This three-ingredient chocolate-hazelnut spread is an indulgent, yet healthy(ish) staple in our kitchen. We make it all the time, usually with hazelnuts, but sometimes we’ll change it up and use almonds or peanuts instead. No matter which variety of nut you go with, the technique is basically the same, but the flavor is different. We also play around with the chocolate. I usually go for a higher quality dark, but it’s delicious made with milk chocolate too.
Delicious ways to use this chocolate-hazelnut spread:
- on toast
- in a smoothie
- in crepes with berries or bananas
- with granola
- in baked goods, like muffins or quick breads
- with fruit on crackers
- stirred in oatmeal
- on a spoon
- 16 oz raw, unsalted nuts
- 8 oz chocolate, chopped
- pinch of salt
Preheat your oven to 400F. Place nuts on a cookie sheet in a single layer and roast for 10-15 minutes, checking occasionally, until the nuts turn golden brown. Remove from oven and let cool for 10 minutes.
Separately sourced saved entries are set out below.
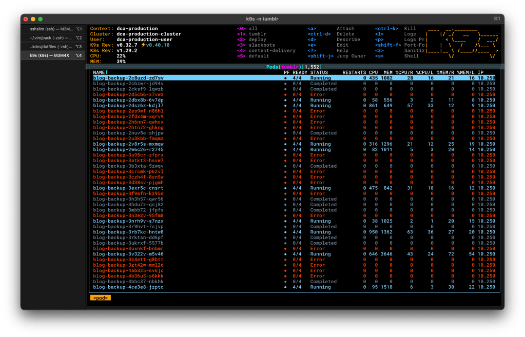 k9s – k9s is a TUI interface for managing a kubernetes cluster. This thing is invaluable and every day I pay homage to my colleague Chad or teaching me about it. I used to use Lens, but then they wanted money so I converted and haven’t looked back: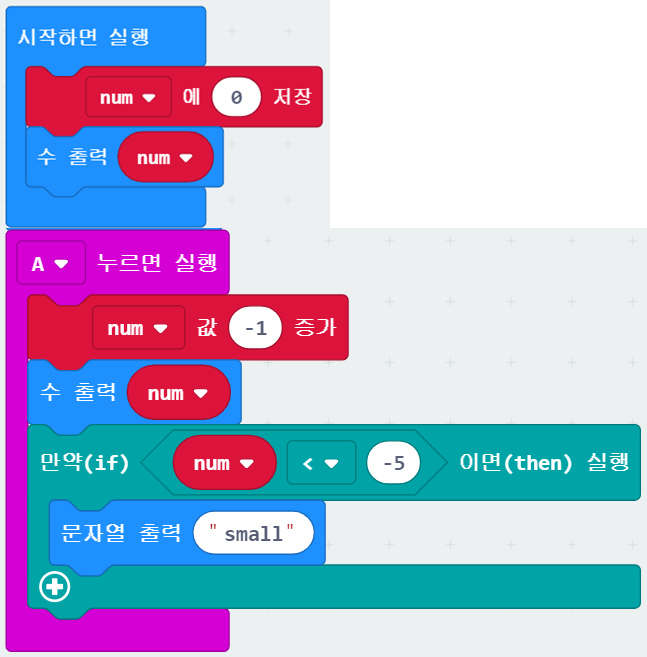 A버튼을 누를 때마다 num값은 -1씩 증가되는데, 값이 -5보다 내려가면 'small'이라고 출력하는 코드였다.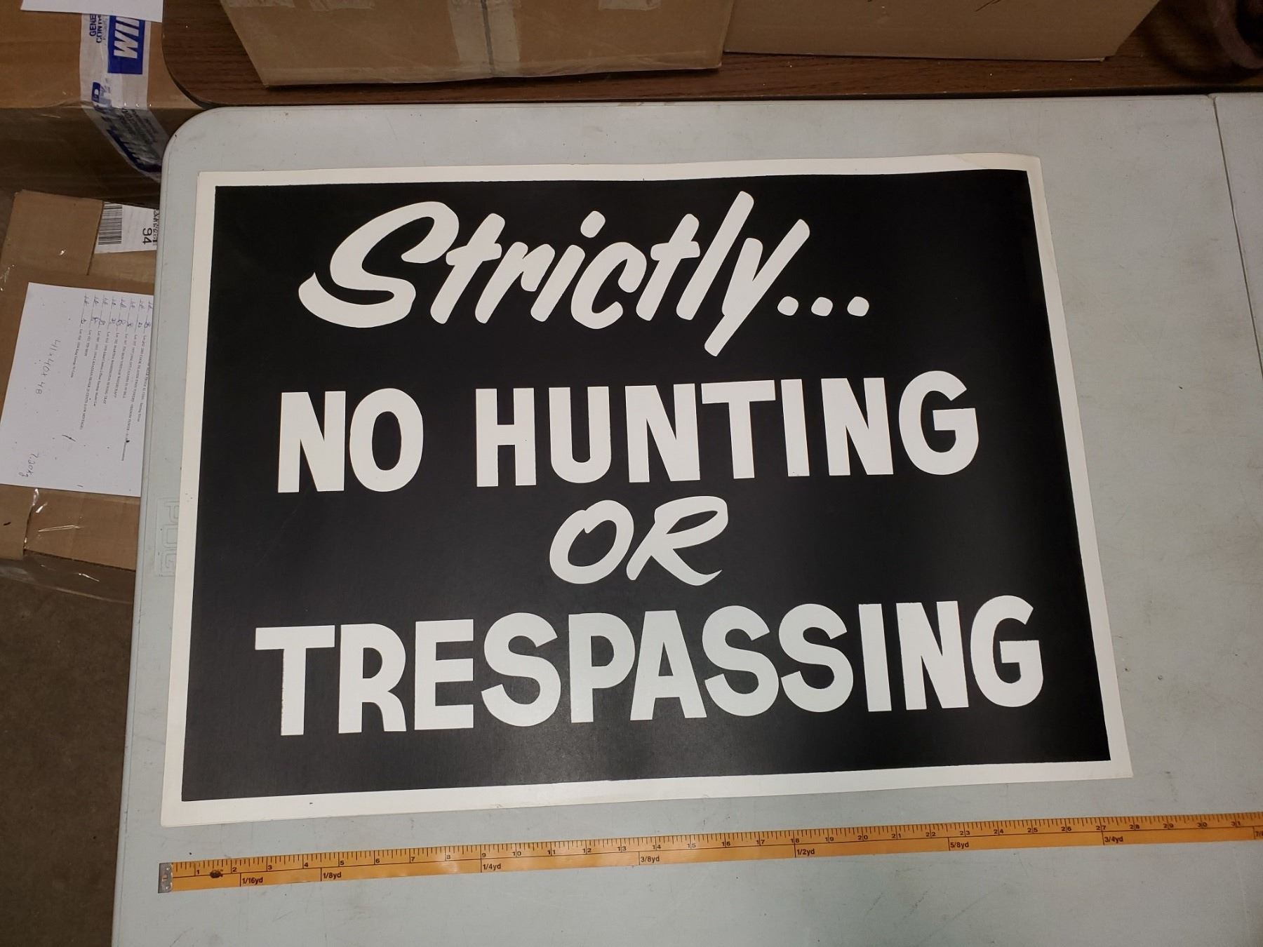 2 'NO HUNTING TRESPASSING' CARDBOARD SIGNS 28" X 20"

(Optional Step: place hazelnuts in the center of a large tea towel or flour sack towel. Pick up the sides and secure. Shake vigorously to remove the skins.)
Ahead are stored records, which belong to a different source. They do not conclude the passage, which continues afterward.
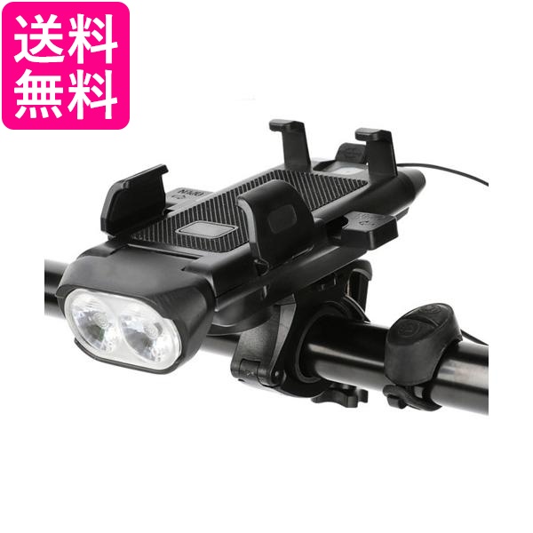 自転車 ライト 後付け 充電式 LED 夜間 USB充電 防水 スマホホルダー モバイルバッテリー ブラック (管理S) 送料無料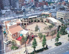 オーケストラ演奏も可能な屋外大型ステージを併設し2階建ての回廊で囲まれた直径4…
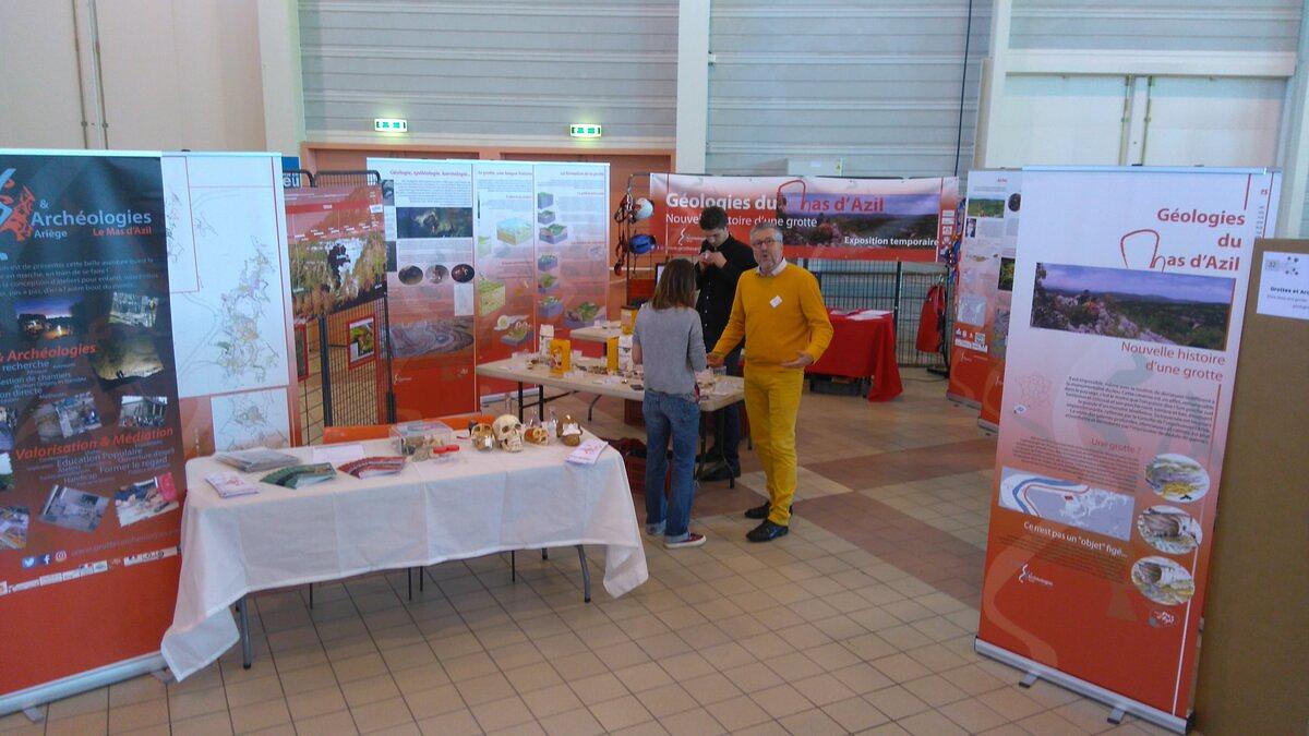 Stands : Grottes&Archéologies, INRAP, Xploria, Fouilles du Mas d'Azil, Archéolèze, Spéléologie, Couserans Médiéval, Tribu de Magda, Le propulseur, Office du tourisme, Mille Pattes, AJCA, laboratoire TRACES, association Pyrène...

Place nuts in food processor with a pinch of salt. Process until pasty nut butter has formed.
Place chocolate in a double broiler until fully melted. Add to food processor with nut butter and continue to pulse until chocolate nut butter has reached desired consistency.
Jar up and store in the cupboard for up to two weeks. Alternatively, store in the fridge for up to a month or two.
*note: if you purchase roasted, salted nuts, just skip the step where you roast your nuts in the oven.